2. Data Variable Labels: Qualifiers

Qualifiers are suffixes adding information about the variable. Multiple qualifiers can be added to a variable base name and they must follow the order in which they are presented here.

Qualifiers are classified into types: PRESENT and CHOICE. A qualifier is of PRESENT type if it indicates the occurrence of the qualifier (e.g., a data variable is gapfilled). A qualifier is of CHOICE type if it indicates one of many possible choices for its occurrence (e.g., which method was used for gapfilling a variable).

In general, qualifiers are reserved for use at the network level (network teams only) and should not be used for data uploads by tower teams. Exceptions are noted in the use documentation for individual qualifiers.

2.1. Qualifiers: General

General qualifiers indicate additional information about a variable.

2.1.1. _PI (Provided by PI/tower team)

  • Type: PRESENT
  • Use: network team only
  • Details: It is the variable version after filtering, gapfilling or any other specific processing by the tower team, independent from the version created at the network level (database team). Must be always associated to metadata describing processing applied to variable in versions distributed to the users. This flag can only be combined with the _F and _QC flags to indicate gapfilling of variable (see below) or quality flags (see below), with the condition that the method is described in the BADM Instrument template; it cannot be combined with method qualifiers, for instance.
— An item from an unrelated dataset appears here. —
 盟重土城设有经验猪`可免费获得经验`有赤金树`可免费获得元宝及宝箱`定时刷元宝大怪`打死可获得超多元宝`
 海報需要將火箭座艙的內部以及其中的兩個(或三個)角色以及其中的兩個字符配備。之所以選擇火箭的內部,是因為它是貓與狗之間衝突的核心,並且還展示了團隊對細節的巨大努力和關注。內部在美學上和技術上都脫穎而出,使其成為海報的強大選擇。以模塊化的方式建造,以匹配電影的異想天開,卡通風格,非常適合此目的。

2.1.2. _QC (Quality control flag)

  • Type: PRESENT
  • Use: network team only
  • Details: Used only by the network team to report quality check resulting from standard and centralized quality control of the data.

2.1.3. _F (Gapfilled variable)

  • Type: PRESENT
  • Use: tower team and network team
  • Details: Indicates that the variable has been gapfilled.
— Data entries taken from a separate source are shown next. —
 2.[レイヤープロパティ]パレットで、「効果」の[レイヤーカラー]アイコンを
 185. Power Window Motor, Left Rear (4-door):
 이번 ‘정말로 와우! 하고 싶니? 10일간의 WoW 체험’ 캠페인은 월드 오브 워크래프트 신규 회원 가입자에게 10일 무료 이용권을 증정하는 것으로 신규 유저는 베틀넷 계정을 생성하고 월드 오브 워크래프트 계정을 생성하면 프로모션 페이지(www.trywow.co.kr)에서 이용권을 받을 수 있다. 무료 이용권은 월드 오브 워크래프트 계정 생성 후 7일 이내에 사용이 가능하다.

2.1.4. _IU (Instrument units)

  • Type: PRESENT
  • Use: tower team or network team
  • Details: It indicates that the variable is using instrument units (e.g., counts, mV, absorbance) instead of standard units (e.g., mm, degC, µmol mol-1). This qualifier is in general used only in the data uploads to the network teams and only for specific variables.

2.2. Qualifiers: Theme, Methods, and Uncertainty

Placeholder for theme, methods, and uncertainty related qualifiers.
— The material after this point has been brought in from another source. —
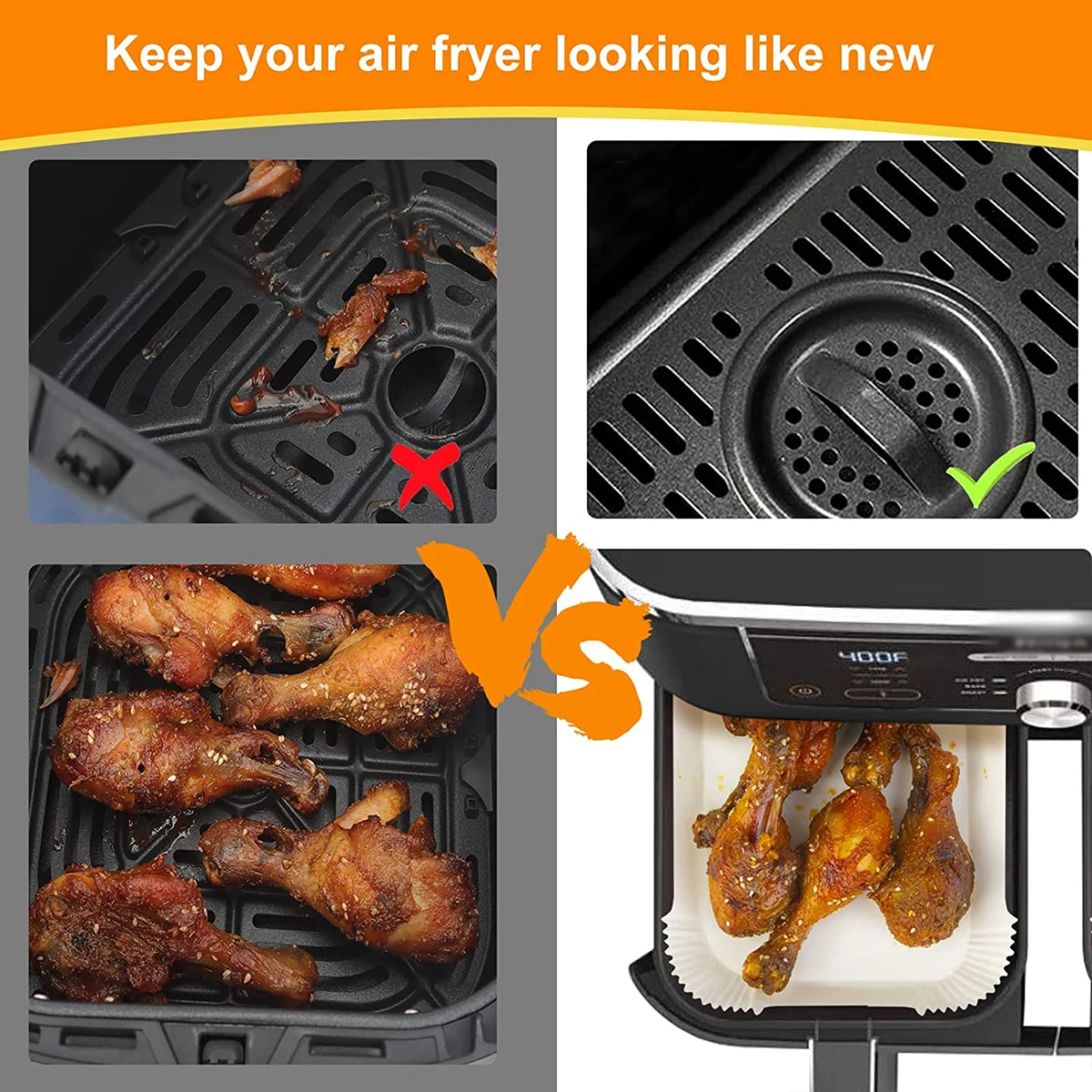 Introducing our Air Fryer Paper Liners, designed specifically for use with the Ninja Dual Air Fryer. These non-stick square parchment papers are perfect for keeping your fryer clean while ensuring your food cooks evenly and deliciously.

This will be their position in the order of suffixes to variable labels.

These qualifiers are currently being defined along with the post-processing results.

 

2.3. Qualifiers: Positional (_H_V_R)

Positional qualifiers indicate relative positions of sensors originating variable time series. Variables submitted to the database should be results of single sensor measurements. There are variables that are measured in different points (e.g. along a vertical profile or in different positions in the horizontal plane) or monitored in the same position but using two or more sensors. The sensor position information is recorded in the BADM (Instrument template)3. A given data variable is mapped to a particular sensor also using the BADM Instruments template. The identification of the variable is done via the variable code plus the positional qualifier.

   3. Note that the indices might be reassigned from the upload time to the publication time at network level. Any such change will be based on BADM reported positions and feedback from tower teams.

2.3.1. _H_V_R (Three-index positional qualifier)

  • Type: PRESENT
  • Use: tower team and network team
  • Details: The three components of the qualifier are integer numbers that represent:

H: horizontal position index

V: vertical position index

R: replicate index

  • Note: The numbers indicate positional indices in their respective planes, and not measurements of distances. H, V, and R above are to be replaced with numerical indices.

Indices:

Horizontal position (H): same value identifies the same position in the horizontal plane. For example all the variables associated to sensors in a vertical profile would have the same H qualifier.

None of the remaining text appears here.